Gross gender disparities, misplaced societal priorities, and more

Photo by DICSON on Unsplash

A little over a month ago, I quit my 11+ year corporate career to be a full-time dad and husband.

It was a decision that came as a surprise to many but was not only the best, but the only choice for me.

With a 5-year-old and 9-month-old at home, it felt criminal to miss out on the most precious moments with them. I would be spending that time in pursuit of money and professional success instead and that didn’t feel right.

Unconventional as it may be, it has been the best decision I have made so far in my life.

In the brief period I have spent as a stay-at-home dad, I have had some eye-opening observations that must be shared.

#1 — Gender equality is still only lip service

Only 10% of Fortune 500 CEOs are women, and only 5% of all full-time stay-at-home parents are men.

One constant in my first month has been the school runs for my 5-year-old. I drop him at his kindergarten every morning and also pick him up three hours later.

There’s a queue at the door before they open up and let us in to pick the kids up.

The queue is quite interesting. It usually has 80–90% women and 10–20% men.

The women are mostly mothers, helpers (maids or nannies as some may call them), and grandmothers. The men are grandfathers, with the exception being me, and maybe one other dad occasionally.
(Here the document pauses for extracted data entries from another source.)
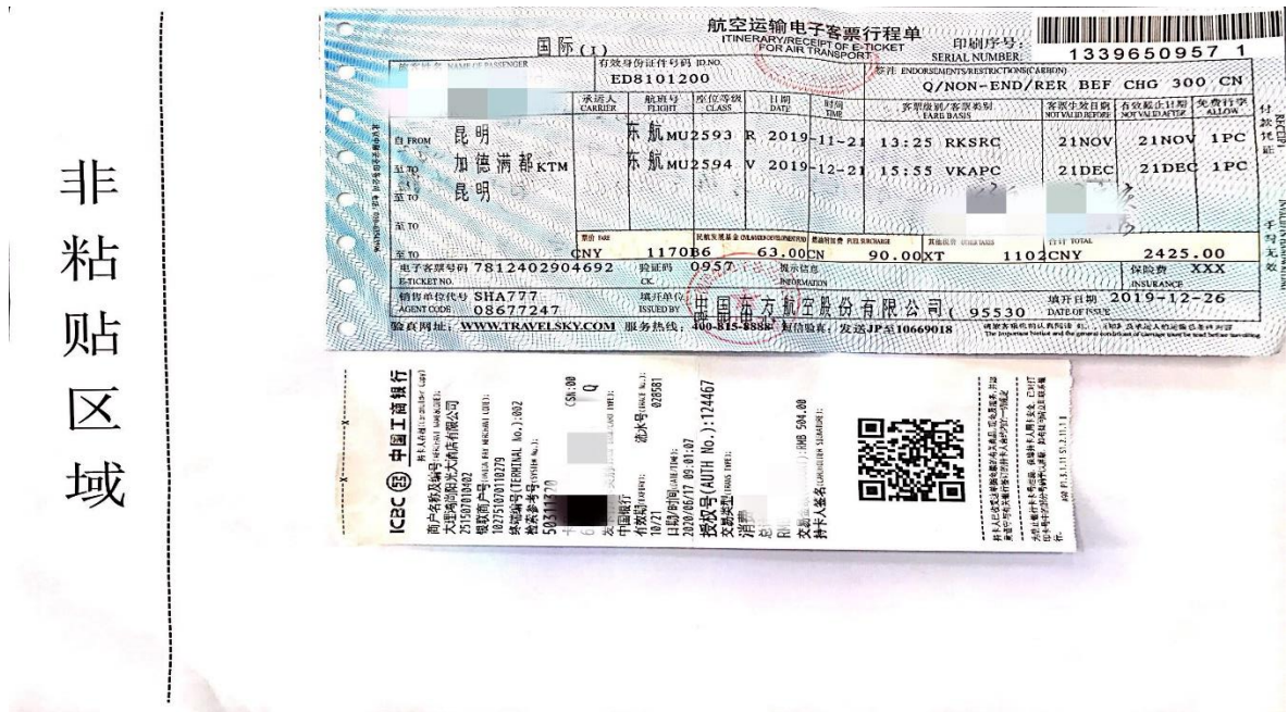
图 2 机票粘贴图样

2. 若有 POS 刷卡小票，应与机票粘贴在同一张粘贴单上；若多张机票对应一张 POS 小票，应将 POS 小票粘贴在第一张机票的粘贴单上。
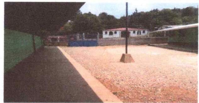
Foto 6: CUBIERTA DE LÁMINA (SUSTITUCION LÁMINA TROQUELADA CALIBRE 26 )

Observación: Si es necesario se pueden agregar hojas adicionales a continuación. Número de hojas.
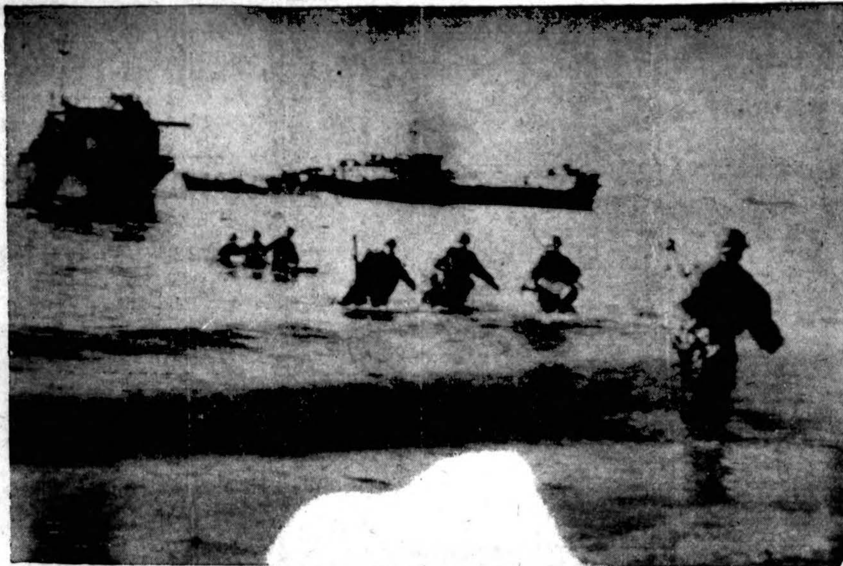
Pirmoji nuotrauka iš amerikiečių, britų ir prancūzų invazijos Italijon načių užnugaryje, prie Tiber upės įtakos, tik 16 mylių nuo Romos. Tolumoje Amerikos karo laivai, privežę arti krašto kariuomenę, o arčiau mažais laiveliais kariuomenė išlaipinama ant kranto ir iškeliami karo pabūklai.
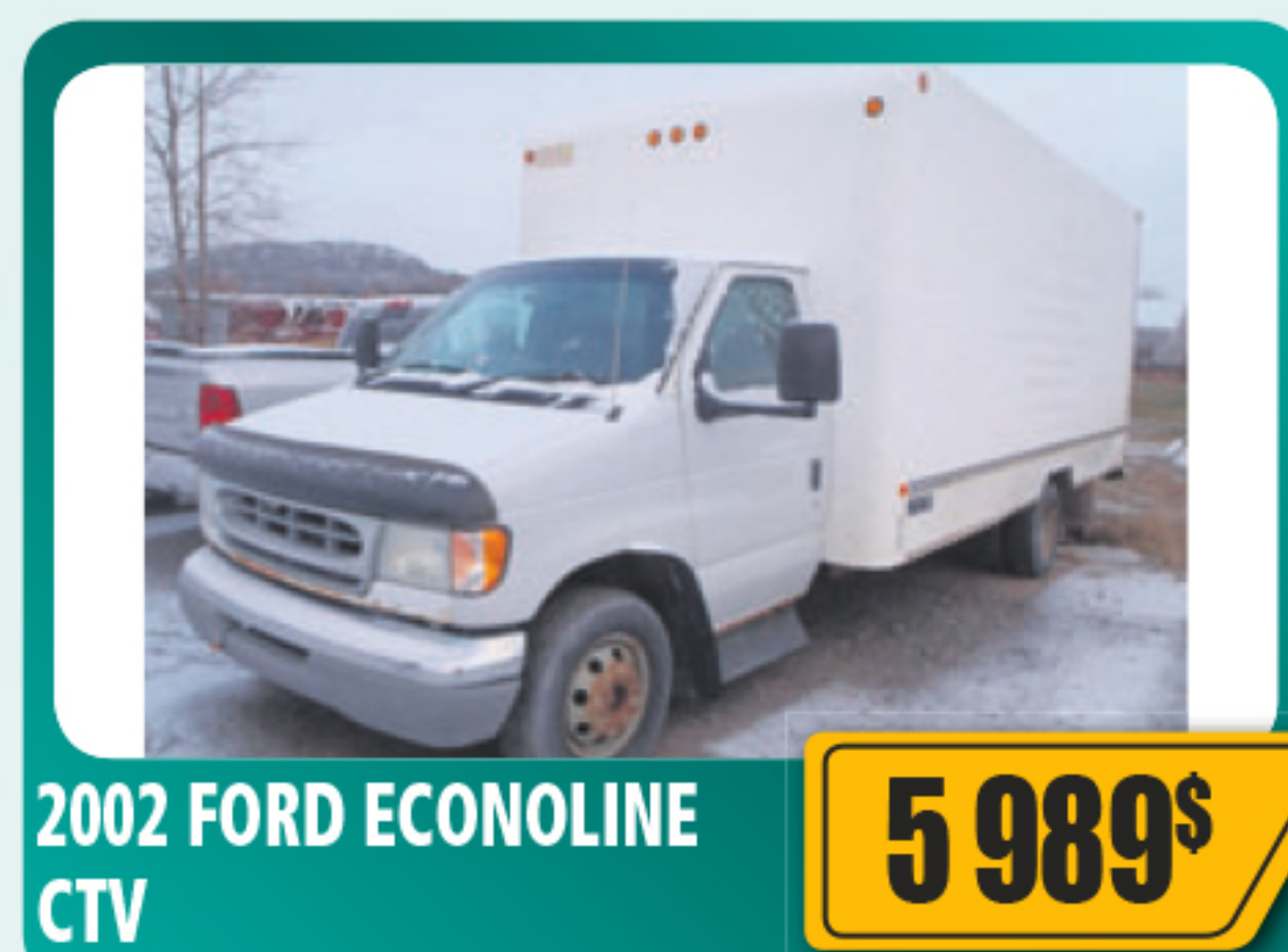
2002 FORD ECONOLINE CTV 5 989$ 7.3 L, diesel, automatique. 304 356 km • Stock : 2013234C
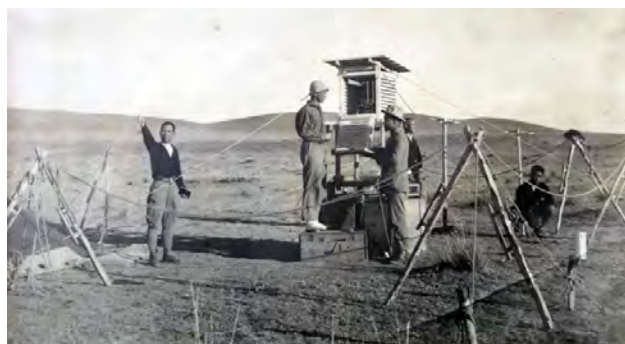
图2 考察期间设立的临时气象站
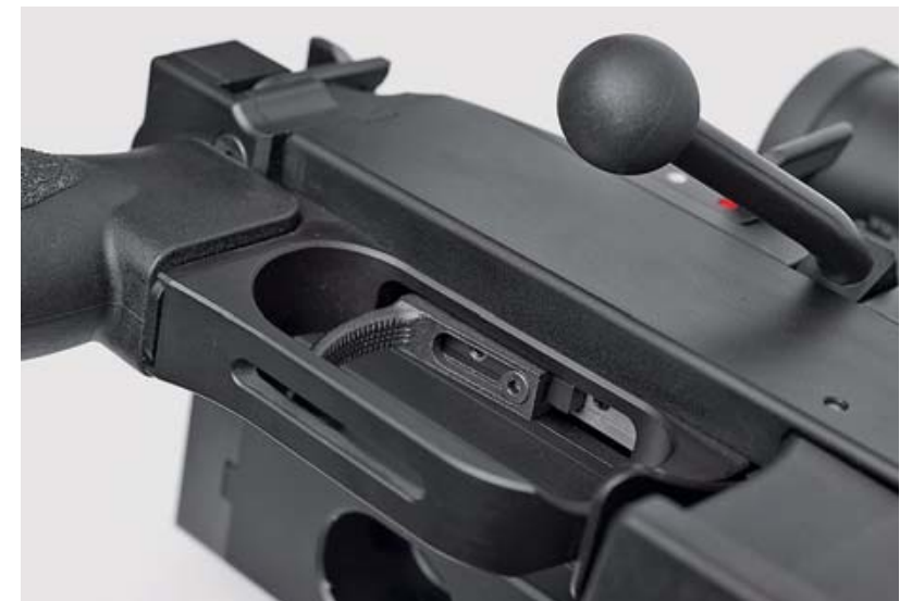
Спусковые механизмы обеих винтовок регулируемые, с заводской установкой около 1,5 кг. Оба спусковых крючка имеют возможность перемещаться по длине, что особенно важно для «Хайнеля» с довольно «худой» рукояткой управления огнём

Стреляли патронами RWS Target Elite .308 Win. с массой пули 10 г и 10,9 г. Стрельба производилась из положения сидя с упора и лёжа с упора.
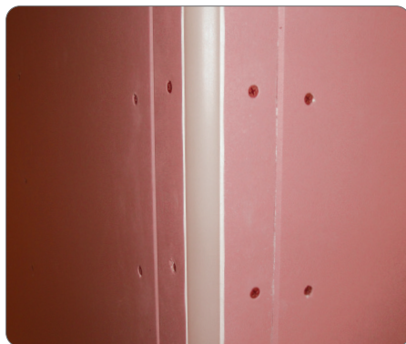
樹脂製品での施工
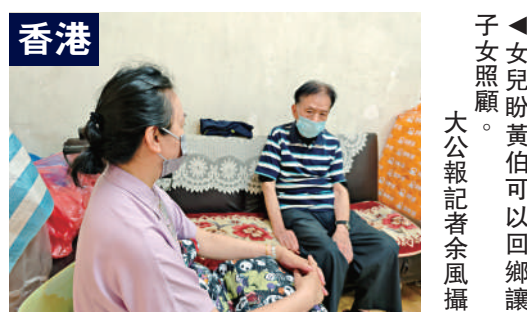
香港 ▲女兒盼黃伯可以回鄉讓子女照顧。
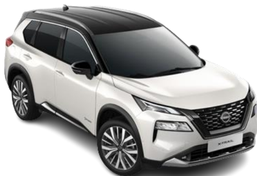
Білий перламутр з чорним дахом – XBJ
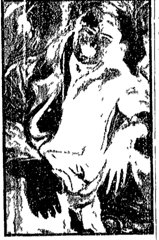
Carlo Levi «L'eroe cinese» (a destra)
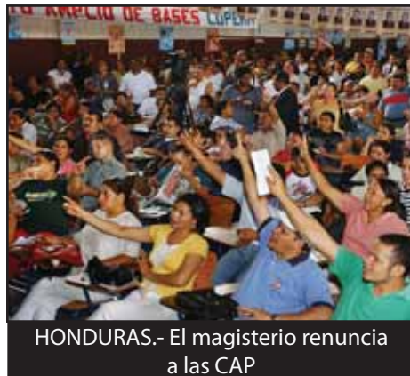
HONDURAS.- El magisterio renuncia a las CAP
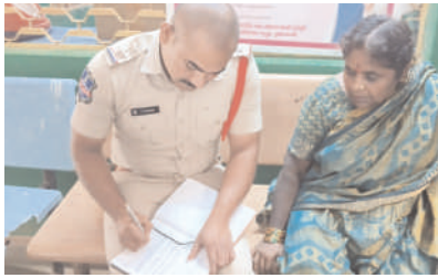
కొట్టిందని ఫిర్యాదు లో పేర్కొన్నారు. డ్రైవర్ అతివేగంగా, అజాగ్రత్తగా నడటమే ఇందుకు
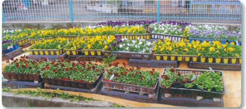
呉服小学校「花いっぱい運動」
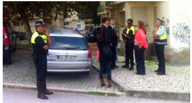
Visita al Barrio Alto de Lisboa

En la página web del Ayuntamiento de Arganda ( www.ayto-arganda.es ) se puede consultar toda la información sobre este innovador Proyecto, que tiene como instituciones colaboradoras al Instituto Internacional de Innovación en Organización y Desarrollo Social (InNODS), la Associació per a la Creació d'Estudis i Projectes Socials (CEPS), la Universidad Complutense de Madrid, el Programa de Gestión de Barrios de Berlín, el Instituto de Ciencias Sociales de la Universidad de Lisboa y el Instituto Superior de Ciencias Policiales y de Seguridad Interna de la Policía Nacional de Portugal y la Policía Municipal de Madrid.
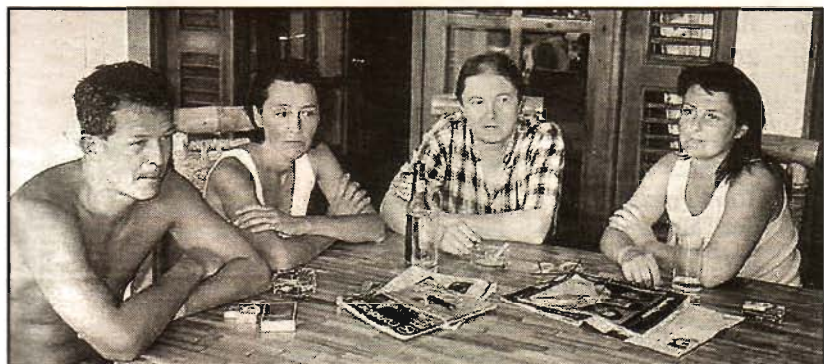
Seine Freunde in Puerto Plata kannten Falco als den netten „Hansi“
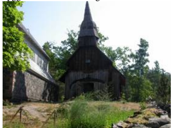
Kyrkorna på Ruhnu

På Ruhnu finns av ett mindre samhälle med en handfull hus en bit in på ön och en del utspridda. Den gamla kyrkan med svensk klingande namn på kyrkbänkarna finns där. En ny kyrka har byggts alldeles intill den gamla.
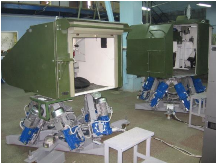
Динамический тренажер экипажа танка Т-72
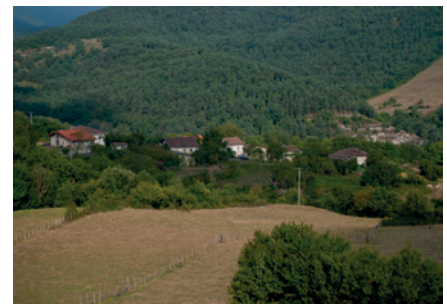
Soñes Geotech, S.L.
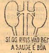
SI OS RINS VAO BEM A SAUDE É BOA

O uso do HELMITOL da Bayer é providencial para os rins; limpa-os e desinfeta-os, assegurando o bem estar presente e garantindo uma velhice sadia e sem achaques - uma velhice que se esqueça do numero dos anos.
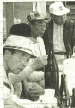
うん おいしかたな.
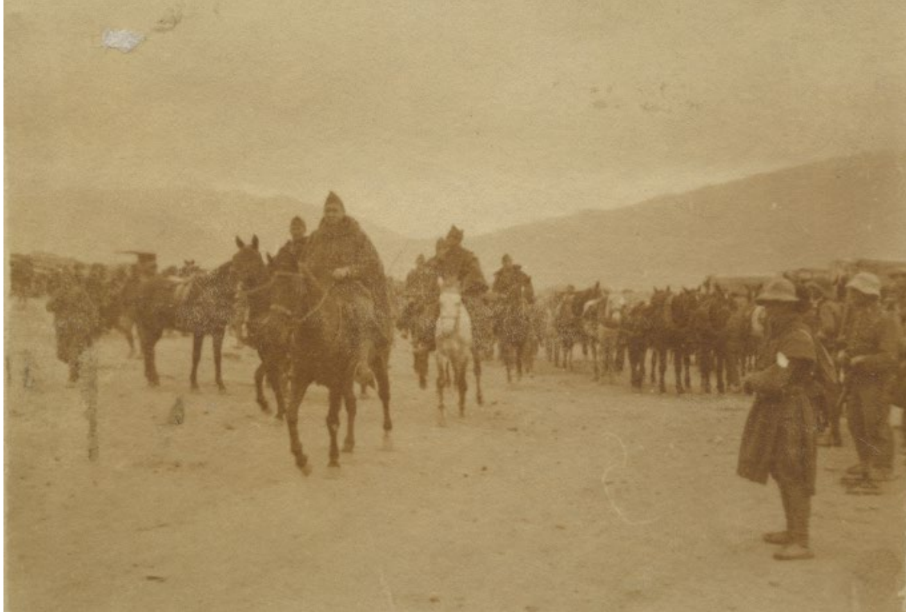
>> Militars a cavall en un dels campaments espanyols a la Guerra del Marroc.

crats. I afegeix: «A medida que se ascendía en el escalafón militar las ventajas se multiplicaban y cabía tener acceso a privilegios que resultaban tan inalcanzables para la mayor parte de la población como los míticos pollos asados de los nada eróticos sueños de Carpanta».
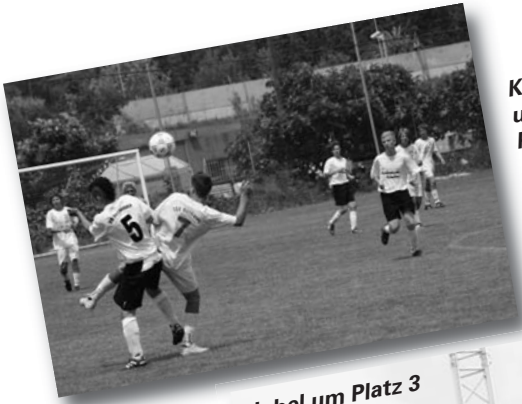
Kampf um Platz 3
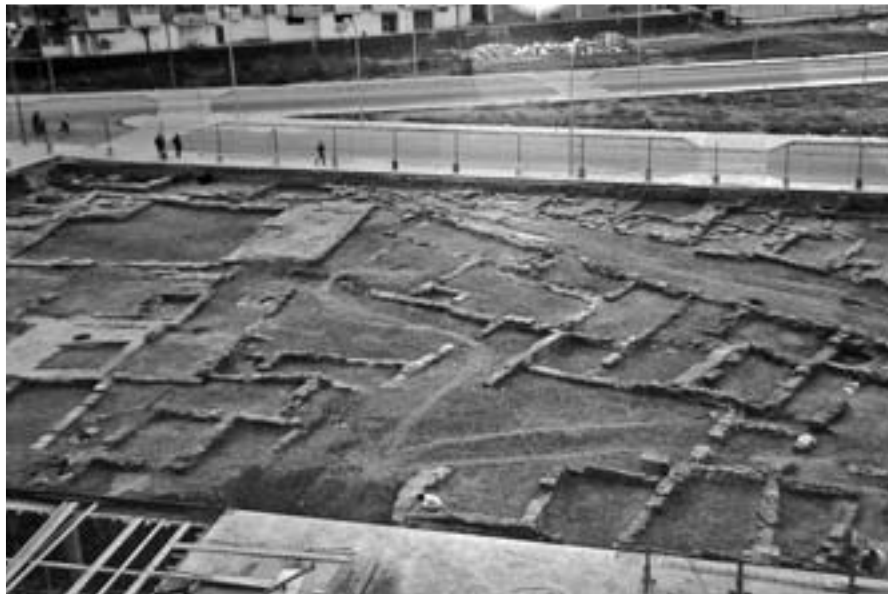
Lám. 1: Vista parcial de la excavación en la manzana 6 del Polígono de Poniente (Edificio Caravelle).

Este método, como todos, tiene sus ventajas e inconvenientes. Adolece de no ser una excavación sistemática. La utilización de medios mecánicos, la superficie de las parcelas y la premura de tiempo, lo hacen prácticamente imposible.
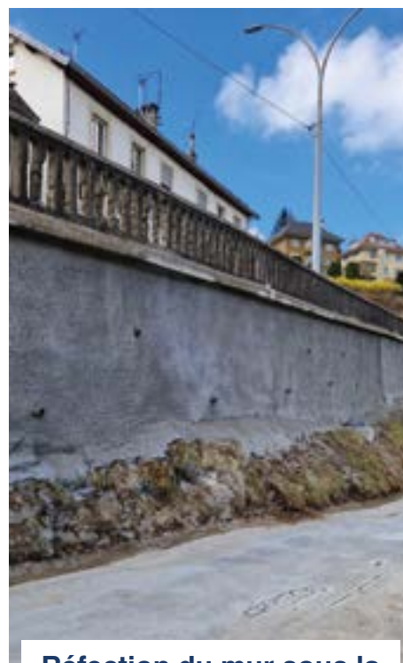
Réfection du mur sous la Route du Quartier Neuf
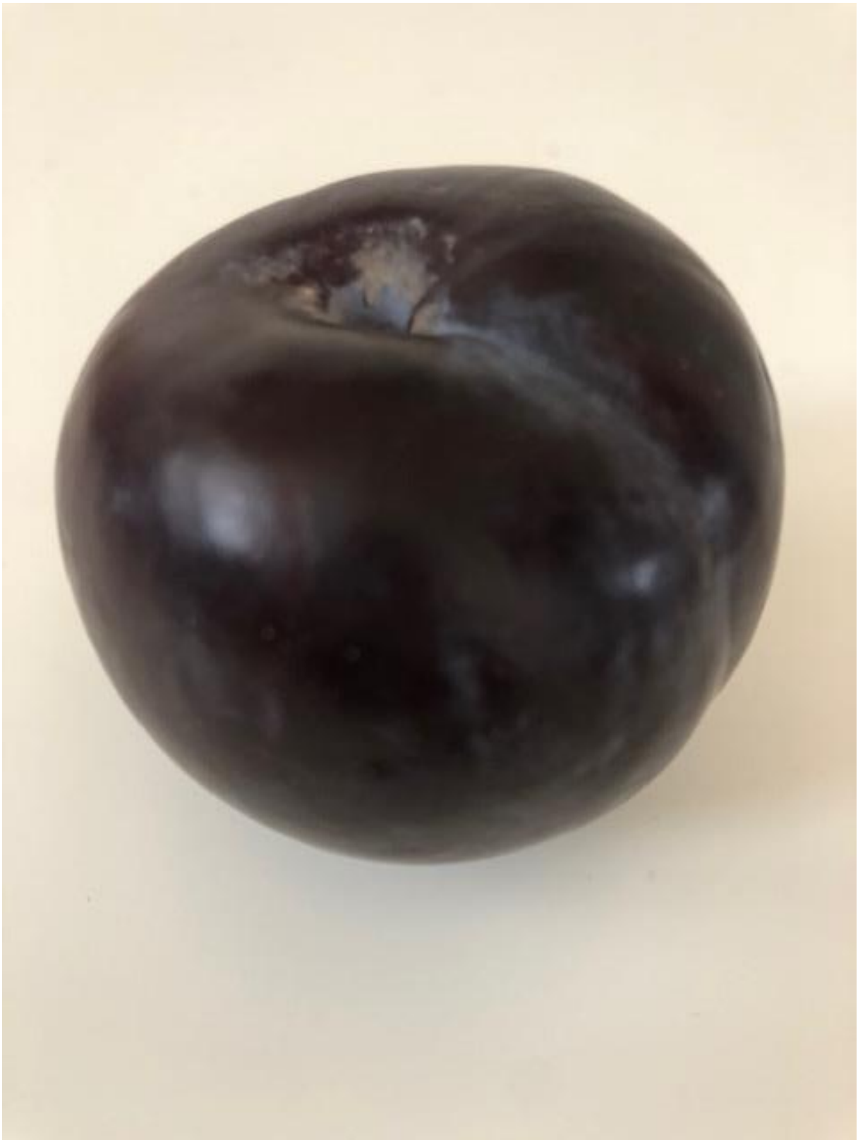
Zdjęcie 7 Śliwka.

Format zdjęcia A4 – wydrukować i zaprezentować dzieciom fotografię
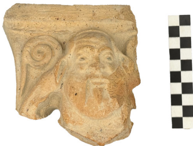
Figura 17 Museo Archeologico Nazionale di Taranto, esemplare XI: 'cooking stand' con nr. inv. 27607

A causa della loro frammentarietà, non ne è stata riconosciuta subito la funzione originaria, ma il rinvenimento a Locri di numerosi pezzi, tra cui alcuni quasi integri, ha permesso a M. Barra Bagnasco di identificarli: si trattava di sostegni ( cooking stands ) che, presumibilmente in numero di tre e separati gli uni dagli altri, servivano a sorreggere pentole durante la cottura, se si pensa a un uso quotidiano, o incensieri, se si pensa a un uso rituale. 87
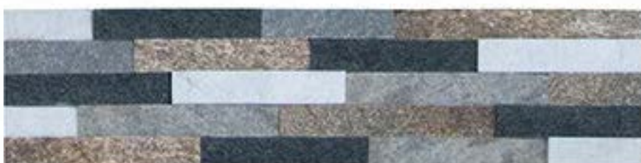
四色石英 4 Colors Quartz
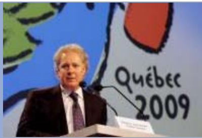
Le premier ministre, M. Jean Charest, est venu clore le Symposium.
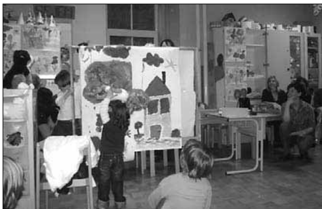
Pedenjsrečanje je poskrbelo za obilico ustvarjalnega navdiha

Po približno tridesetih minutah smo se združili in vsaka skupina je predstavila svojo aktivnost v posameznih koticah.
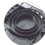
Scarico inferiore: Ø 100-110-125-160

Materiali ABS con Izod ad altissima resistenza
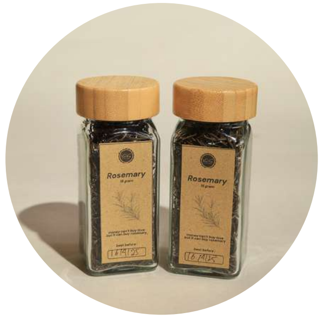
Rosemary 15gr 35.000
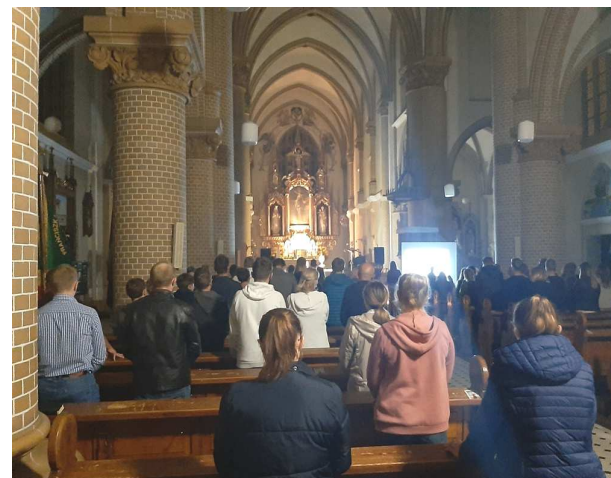
Czuwanie młodzieżowe w Borkach Wielkich
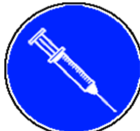
ACTES DE PRÉLÈVEMENTS

I’ve also had the privilege to join some of these parents and primary caregivers over a “parents’ coffee date” that the school had arranged. It was a group discussion of sorts for everyone to know each other better and share parenting tips, tricks, and pains.

There were, among the parents, a bunch of career women who had taken a break or quit their careers to be full-time mothers.

There weren’t, however, any men that had done the same.

I have done so since, but only now — five years after having our first child.

We talk about a “supportive work environment” for women and beat the drums about promoting women leaders in the corporate world.

But, in reality, from what I have seen both in my nearly 12-year corporate career and my short one month as a full-time dad – it is all still lip service.

Only 10% of Fortune 500 CEOs are women, and only 5% of all full-time stay-at-home parents are men.

#2 — Women are far more welcoming and far less condescending

I have also had the privilege of being the one to accompany my kids to their playdates, afterschool activities for my son, and daily visits to the neighborhood playground.

Again, the other kids mostly have their moms or their (female) helpers accompanying them.

Often being the lone man among these women, I was not only made to feel welcome and at ease but was also often commended for choosing my kids and family over my career.

This is a huge shift from the years I spent in the corporate world – specifically the finance industry.

There, at a conference or a dinner, it was mostly men with an odd woman or two around the table.

My wife happens to be one of those few women in finance in a leadership role.

She went to an industry leaders’ dinner recently where nearly all her peers were men, who were also much older than her.

She noticed how in a roundtable discussion setting, most speakers made little to no eye contact with the lone woman in the group.

It was as if she either didn’t exist or even if she did, her existence didn’t matter much anyway.

That is the condescending corporate man’s world we live in.

#3 — Corporate jobs are a joke compared to homemaking

Men who are the sole professionals in a household will often like to make their homemaker wives or partners believe that they are doing the family a favor by going out and sweating it for the household’s sake.

That couldn’t be farther from the truth.

I was at a top global firm in one of the most grueling industries there is (investment banking/finance). Yet, what I did at work was a joke in comparison to the stress and diligence that running a household requires.

I had plenty of physical and mental breaks during my full-time job and hardly ended the day exhausted.

With being a full-time dad, I can’t seem to catch a breath all day and am exhausted by the end of the day so bad, that it hardly takes me minutes to doze off to sleep at night.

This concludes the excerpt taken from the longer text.